# Records for processing:
========

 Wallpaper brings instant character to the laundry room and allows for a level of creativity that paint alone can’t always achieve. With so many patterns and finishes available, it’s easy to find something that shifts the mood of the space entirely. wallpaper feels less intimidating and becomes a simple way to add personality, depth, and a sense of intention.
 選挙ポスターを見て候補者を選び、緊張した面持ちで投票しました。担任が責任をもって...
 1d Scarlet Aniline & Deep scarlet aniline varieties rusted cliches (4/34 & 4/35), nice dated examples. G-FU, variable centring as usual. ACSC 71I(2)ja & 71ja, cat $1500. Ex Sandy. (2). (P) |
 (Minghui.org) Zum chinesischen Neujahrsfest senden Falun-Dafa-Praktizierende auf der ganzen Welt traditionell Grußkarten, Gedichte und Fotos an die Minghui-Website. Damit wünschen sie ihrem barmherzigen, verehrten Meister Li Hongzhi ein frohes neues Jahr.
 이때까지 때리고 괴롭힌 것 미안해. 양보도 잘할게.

========

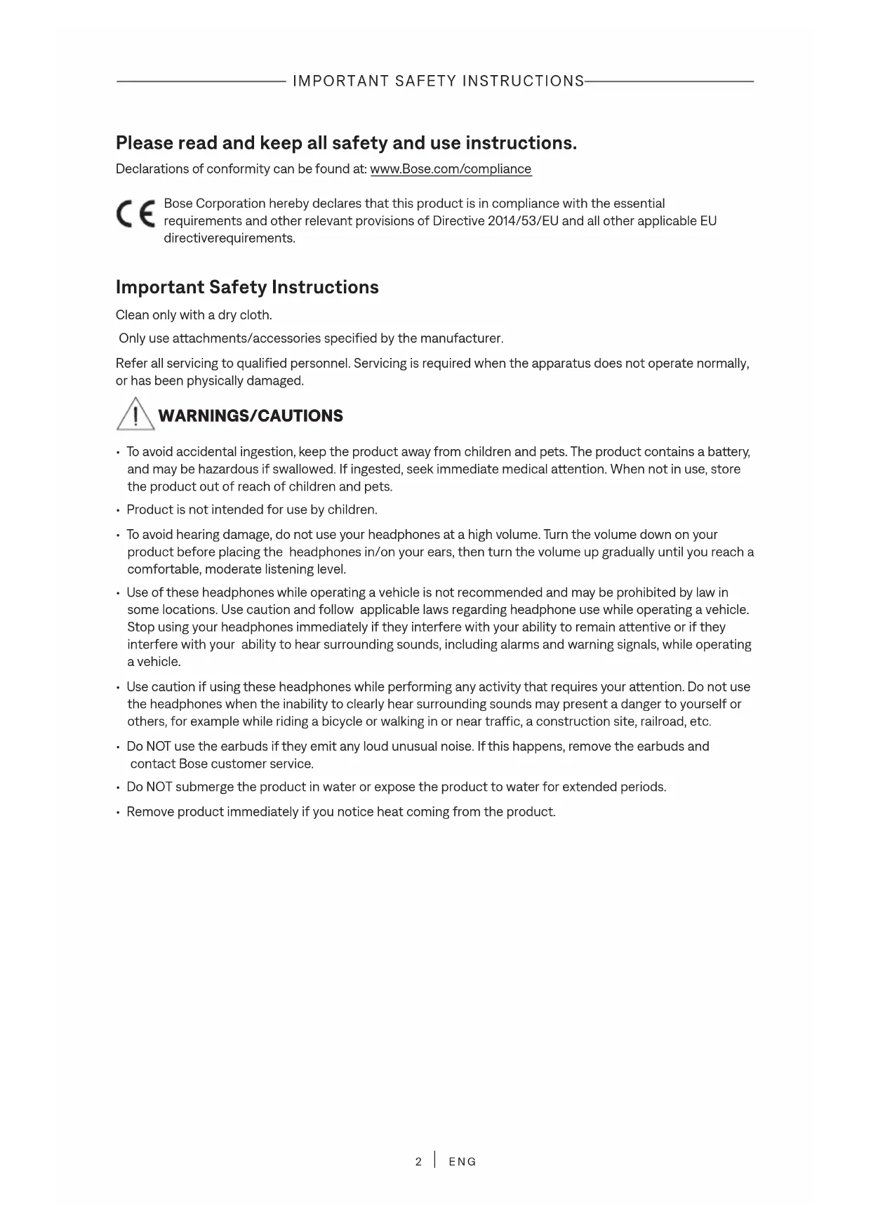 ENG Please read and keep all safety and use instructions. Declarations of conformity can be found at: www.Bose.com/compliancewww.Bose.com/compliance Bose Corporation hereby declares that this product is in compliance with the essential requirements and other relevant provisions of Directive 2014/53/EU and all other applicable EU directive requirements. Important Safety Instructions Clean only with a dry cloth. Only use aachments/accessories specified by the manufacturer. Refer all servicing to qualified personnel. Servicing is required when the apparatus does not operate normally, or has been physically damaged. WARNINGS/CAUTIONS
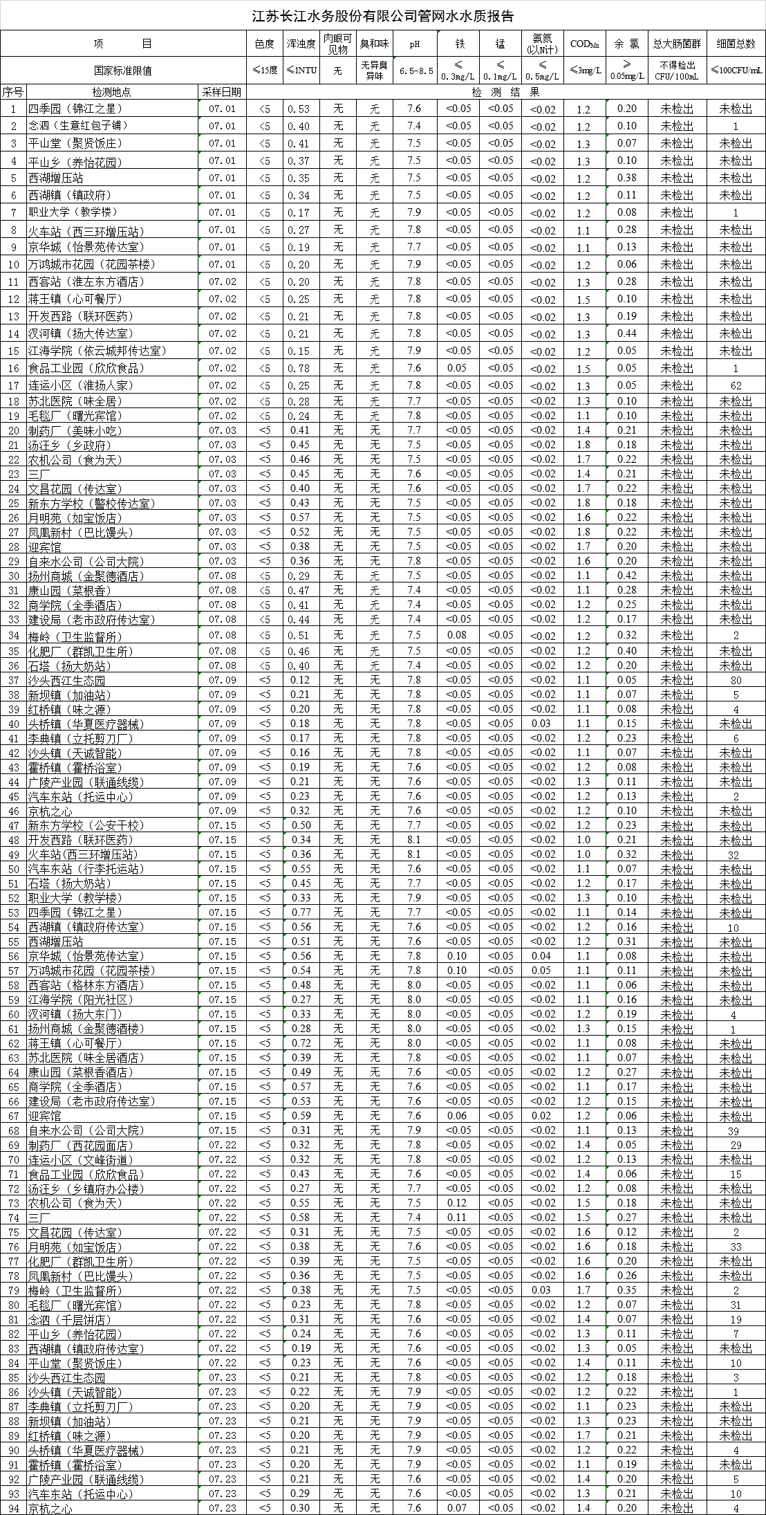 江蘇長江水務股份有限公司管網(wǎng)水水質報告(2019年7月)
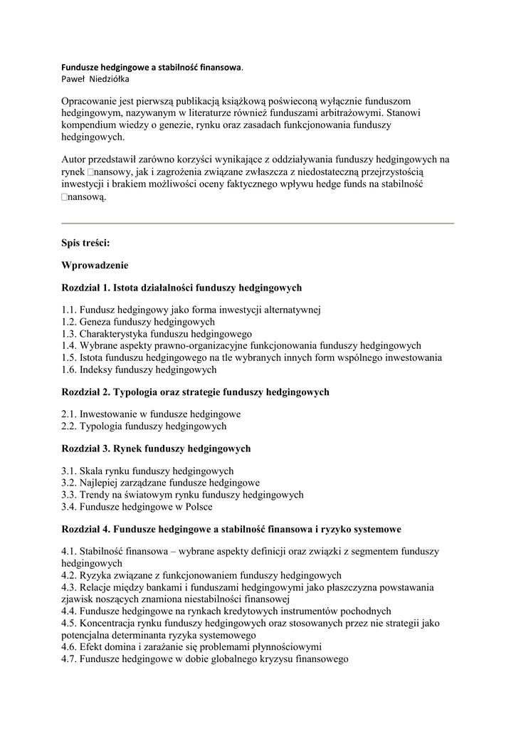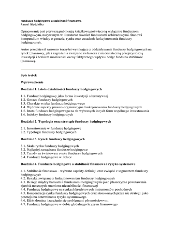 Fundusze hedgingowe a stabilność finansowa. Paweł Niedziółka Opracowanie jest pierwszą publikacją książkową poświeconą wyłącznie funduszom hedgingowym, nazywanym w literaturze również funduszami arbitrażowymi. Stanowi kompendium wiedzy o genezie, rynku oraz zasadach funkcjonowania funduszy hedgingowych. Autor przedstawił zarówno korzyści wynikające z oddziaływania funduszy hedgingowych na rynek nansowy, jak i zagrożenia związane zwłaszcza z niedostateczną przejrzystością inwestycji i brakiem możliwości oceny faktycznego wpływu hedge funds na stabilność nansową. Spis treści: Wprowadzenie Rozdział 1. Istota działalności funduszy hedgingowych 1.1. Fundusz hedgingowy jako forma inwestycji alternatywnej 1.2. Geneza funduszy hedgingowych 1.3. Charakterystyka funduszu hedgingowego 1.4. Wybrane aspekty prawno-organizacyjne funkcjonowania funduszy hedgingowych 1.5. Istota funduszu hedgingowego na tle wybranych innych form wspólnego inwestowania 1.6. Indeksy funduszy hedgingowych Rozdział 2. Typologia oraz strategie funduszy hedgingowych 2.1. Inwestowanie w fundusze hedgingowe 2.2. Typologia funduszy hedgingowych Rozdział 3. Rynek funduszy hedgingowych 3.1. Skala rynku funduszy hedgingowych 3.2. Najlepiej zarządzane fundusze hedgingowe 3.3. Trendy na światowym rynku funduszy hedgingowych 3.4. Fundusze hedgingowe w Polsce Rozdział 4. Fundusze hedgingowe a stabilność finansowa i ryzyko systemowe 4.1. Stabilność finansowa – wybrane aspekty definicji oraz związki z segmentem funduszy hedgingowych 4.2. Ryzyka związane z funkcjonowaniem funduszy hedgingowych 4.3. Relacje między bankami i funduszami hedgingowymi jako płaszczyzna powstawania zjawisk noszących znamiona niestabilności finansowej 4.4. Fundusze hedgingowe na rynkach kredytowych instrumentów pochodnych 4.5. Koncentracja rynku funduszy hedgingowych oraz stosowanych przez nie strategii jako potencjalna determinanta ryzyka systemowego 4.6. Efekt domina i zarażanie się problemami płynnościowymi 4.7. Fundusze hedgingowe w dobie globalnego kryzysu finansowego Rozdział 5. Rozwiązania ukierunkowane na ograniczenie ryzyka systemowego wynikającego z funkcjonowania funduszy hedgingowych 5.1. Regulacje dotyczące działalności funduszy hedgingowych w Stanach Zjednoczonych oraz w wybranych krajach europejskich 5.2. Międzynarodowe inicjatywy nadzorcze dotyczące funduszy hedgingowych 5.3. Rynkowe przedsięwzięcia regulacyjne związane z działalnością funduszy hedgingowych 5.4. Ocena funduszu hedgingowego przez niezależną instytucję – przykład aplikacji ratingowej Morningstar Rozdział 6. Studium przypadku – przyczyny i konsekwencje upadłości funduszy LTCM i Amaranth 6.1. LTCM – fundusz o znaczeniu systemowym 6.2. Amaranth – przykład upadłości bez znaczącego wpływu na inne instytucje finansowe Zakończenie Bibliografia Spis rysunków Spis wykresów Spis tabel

========

# How to complete this task:
Out of the entries above, write out only the lines between the line holding "Wallpaper brings instant" and the line holding "選挙ポスターを見て候補者を選", inclusive, each exactly as given.

# Output for this exercise:
 Wallpaper brings instant character to the laundry room and allows for a level of creativity that paint alone can’t always achieve. With so many patterns and finishes available, it’s easy to find something that shifts the mood of the space entirely. wallpaper feels less intimidating and becomes a simple way to add personality, depth, and a sense of intention.
 選挙ポスターを見て候補者を選び、緊張した面持ちで投票しました。担任が責任をもって...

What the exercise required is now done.